April 26, 2015 by Paul Wolfe

This question – or variations of it – I get asked several times a week in emails from beginners looking for a teacher to help them in their quest to become better bass players.

And although I’m obviously biased because I’m in the business of online bass lessons, I honestly believe that the answer is Yes. And in fact my system of online bass guitar lessons has five distinct advantages over a more traditional face-to-face approach.

The First Advantage: Learning Is Best Done By ‘Layering’

In other articles on this site you’ll find information on how the brain learns best – and that’s by breaking down information into chunks and then going over and over it.

And you simply can’t do this with face-to-face lessons unless your instructor lets you record the lesson somehow – either with video or audio. But each of my online lessons is already chunked down into parts – so you can watch a portion of a lesson over and over as needed until the information has really soaked into your brain.

And I haven’t mentioned it yet, but my videos are saved in mp4 format, so you’re not resticted to watching them at your computer. You can transfer them to your iPhone, or iPod and watch/listen to them on the train, or in the car, or whilst exercising, or wherever.

The Second Advantage: The Online Lesson Is The Same Quality Today, Tomorrow and Forever

With face to face lessons, the quality of the experience can be adversely affected by factors outside of the lesson such as health (either yours or the instructors), energy levels (again yours or the instructors), heat (I’ve had lessons in mid summer in tiny rooms with no A/C – not pleasant!) or external noise (same tiny room, same summer, contractors drilling outside).

With the online lessons you download the segments of the lesson and then watch them back on your computer (or your iPhone, or your iPod) when you’re ready. And if I’m filming something to go into a lesson and my energy level’s not right, or the quality’s not good enough…well it doesn’t get past the editing stage. So I deliver the best lessons that I can – every single lesson.

The Third Advantage: The Split Between Teaching And Critiquing Is Clearly Defined

Great teaching needs to have two components: teaching, and critiquing. And the two activities are separate entities. But in face to face lessons they tend to get muddled up, diluting the effectiveness of both of them.

But in the online system of lessons the videos that the student’s download comprise their teaching materials. When they have been through a lesson and mastered it they have to FILM their assignement and send it to me for my critique.

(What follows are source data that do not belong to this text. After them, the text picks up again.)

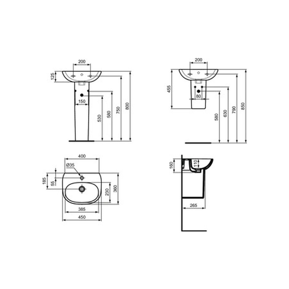 - zur Montage mit: kleinem Sockel T352101, kleinem Halbsockel T352001 oder allein mit Siphon
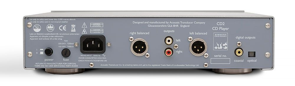Odtwarzacz CD ATC CD2 wypuszcza sygnał liniowy audio poprzez gniazda RCA oraz w pełni zbalansowane gniazda XLR. Wyjścia cyfrowe S/PDIF są dostępne w formie wyjścia współosiowego Coax i optycznego Toslink. Odtwarzacz ma 5 przycisków sterujących, których funkcje są zdublowane na pilocie zdalnego sterowania.
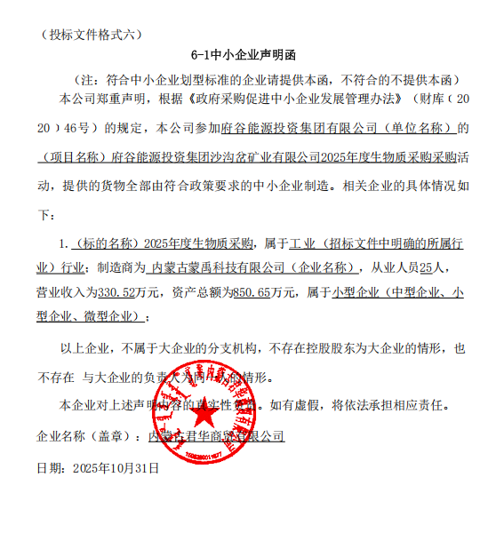 府谷能源投资集团沙沟岔矿业有限公司2025年度生物质采购中标结果公告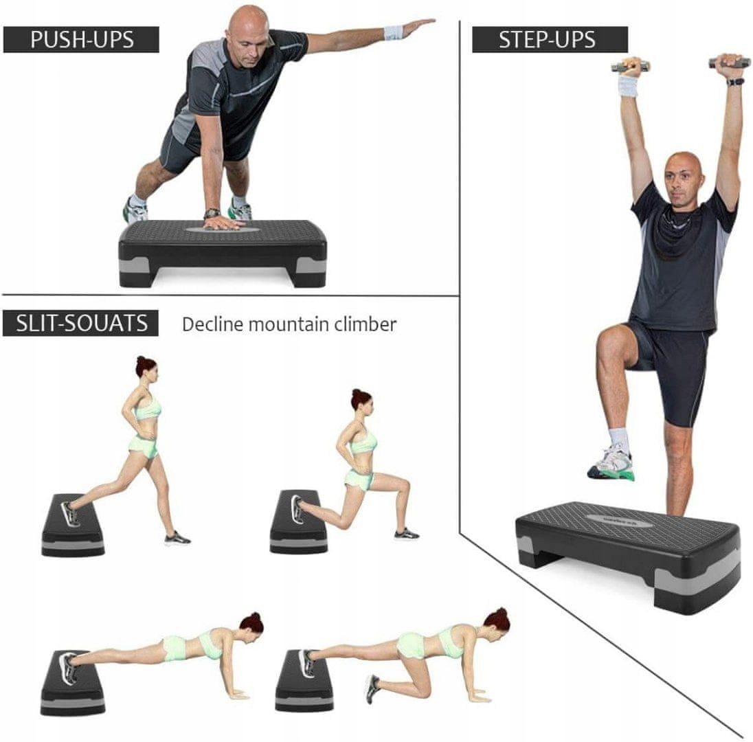 BE READY Fitnes in aerobika Step 2-Step ✓ DVOSTOPENJSKA NASTAVITEV ✓ GUMIJASTE NOŽICE, KI PREPREČUJEJO DRSENJE ✓ TRPEŽEN Ta BE READY stopnica vam omogoča izvajanje različnih vaj ne glede na starost ali raven znanja. Z dvostopenjsko nastavitvijo višine lahko izdelek prilagodite svojim znanjem, vaji, ki jo izvajate, in svoji višini. Gumijaste nogice preprečujejo zdrs stopnice med vadbo. Dvostopenjska nastavitev: Določite intenzivnost vadbe in prilagodite višino stopnice svojim pričakovanjem. Preprosta zasnova vam omogoča hitro nastavitev izdelka, kar vam omogoča, da prilagodite višino, ko se vaše znanje izboljšuje. Možnosti višine: 10 cm 15 cm Različne vaje: Odločite se, katere dele telesa želite okrepiti. Z vajami s stepi lahko: oblikujete zadnjico, stegna in meča, izboljšate svojo telesno pripravljenost, kurite odvečno maščobo ter okrepite roke in ramena. Specifikacije: Nedrseča površina Nedrseče nogice za stabilnost 2-stopenjska nastavitev višine Trpežen material Dimenzije: dolžina 68 cm x širina 28 cm x višina 10/15 cm Barva: Črna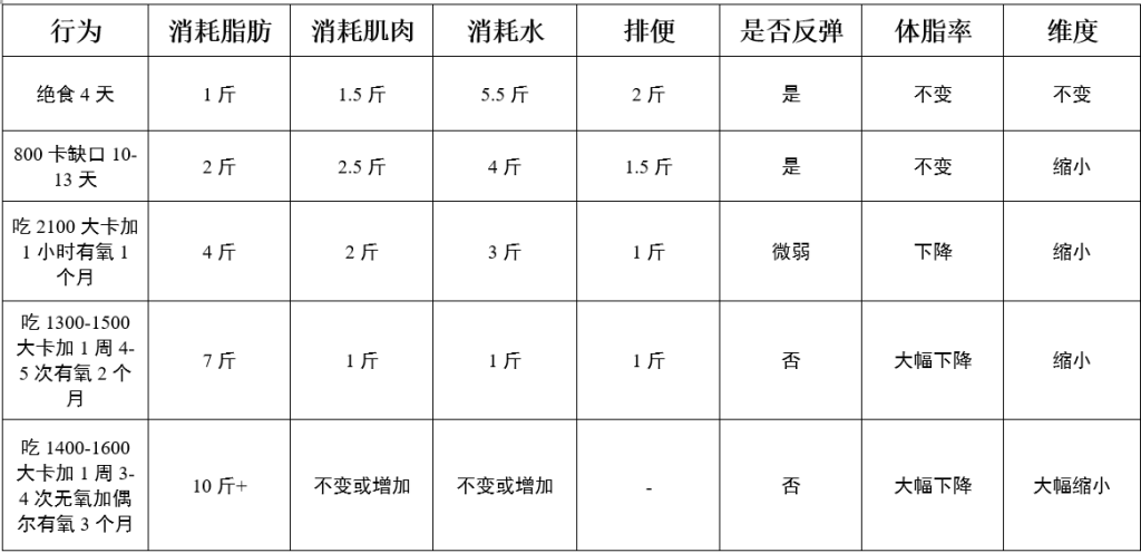 故从正确的、科学的减肥角度来说,我先说下结论:减肥的本质应该是降低体脂率,而不是单纯的减轻体重。这是对于减肥的人来说很通俗易懂但又及其容易被忽略的很重要的知识。减肥的本质是什么?制造热量缺口!但是要在保证肌肉不流失的前提下创造热量缺口。肌肉代表着蛋白,蛋白对于我们来说是“好东西,而减肥我们要消耗掉的脂肪,脂肪是“坏东西”。我们要让坏东西不断减少的同时保证好东西最起码不变,甚至增多。单纯的饥饿的确会消耗脂肪,但蛋白也会随之被消耗,肌肉便会流失。所以减肥是有逻辑、讲方法的一件事情。制造热量缺口也会有很多说法。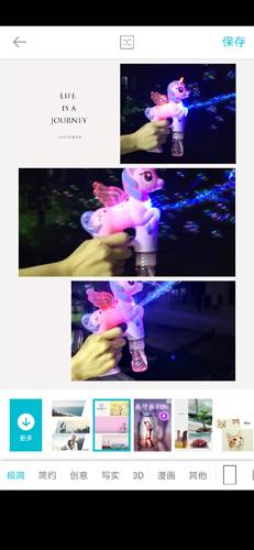 杂志拼图需挑选1 - 9 张图片,接着点击“启动”按钮,此处可看到不同风格的拼图形式,极简,简约,创意,写实,漫画等等,每种风格包含若干个模板供你挑选,这样就能营造出杂志般的视觉效果,成为一位杂志大片中的女神或者男神。

So in my system the two crucial parts of teaching are clearly defined – enhancing the experience. When a student is learning something from one of my lessons he’s not sat in front of me trying to figure something out, and feeling sweaty and nervous (remember that tiny room? Not nice…). Instead he does it in the comfort of his own home – and when he’s filmed it and sent it to me he gets a detailed, written critique by email which he can then absorb at his leisure.

For some reason I’m a lot better at critiquing by email than I was face to face. Most students react defensively when critiqued face to face – but by email they actually seem to take what I’m saying onboard and usually email me back with a ‘Thank You.’

The Fourth Advantage: A Better Use Of Time

Back in the day when I last had serious lessons the guy who was my teacher lived about on the outskirts of Richmond Park. I lived in North London at that time and he was a stickler about being on time (as he had lots of pupils). So to make sure I was at his house in time for my lesson I had to allow 75 – 90 minutes to get there. And it would take 60-75 minutes to get home after the lesson. Plus the actual 60 minutes the lesson took.

So some days I ‘spent’ nearly 4 hours on a 1 hour lesson. And obviously if the guy you want to get lessons from lives further away you’re into bigger multipliers…

With my online lessons once you’ve got the material you can start going through it as soon as you want. If you took the 3 hours travelling I used to do and could allocate that to the rest of your week you’ll find you’ve suddenly come up with an extra 30 minutes of practice SIX times a week.

Over the course of a year you could leverage just that time into a lot of progress on the bass guitar!

But it’s not just your time that’s more efficient, it’s my time too. For every lesson my students get an assignement they have to film before they can progress to the next lesson, and I routinely spend 20 to 30 minutes for every student watching their videos and writing their critiques.

Sometimes I even film a critique.

When I taught face to face the critique section of the lesson – WHICH IS ALMOST AS IMPORTANT AS THE TEACHING – used to get squeezed into the last 5 minutes.

The Fifth Advantage: Cost

Depending on where you live a good bass teacher might be anything from $50 per lesson and upwards. And don’t forget that if you live somewhere off the beaten track that you might have to travel upwards of two or three hours to get to see a good bass teacher? And then when you add in petrol and time costs – plus the opportunity cost of all that driving – you’re into a serious amount of money. Per lesson.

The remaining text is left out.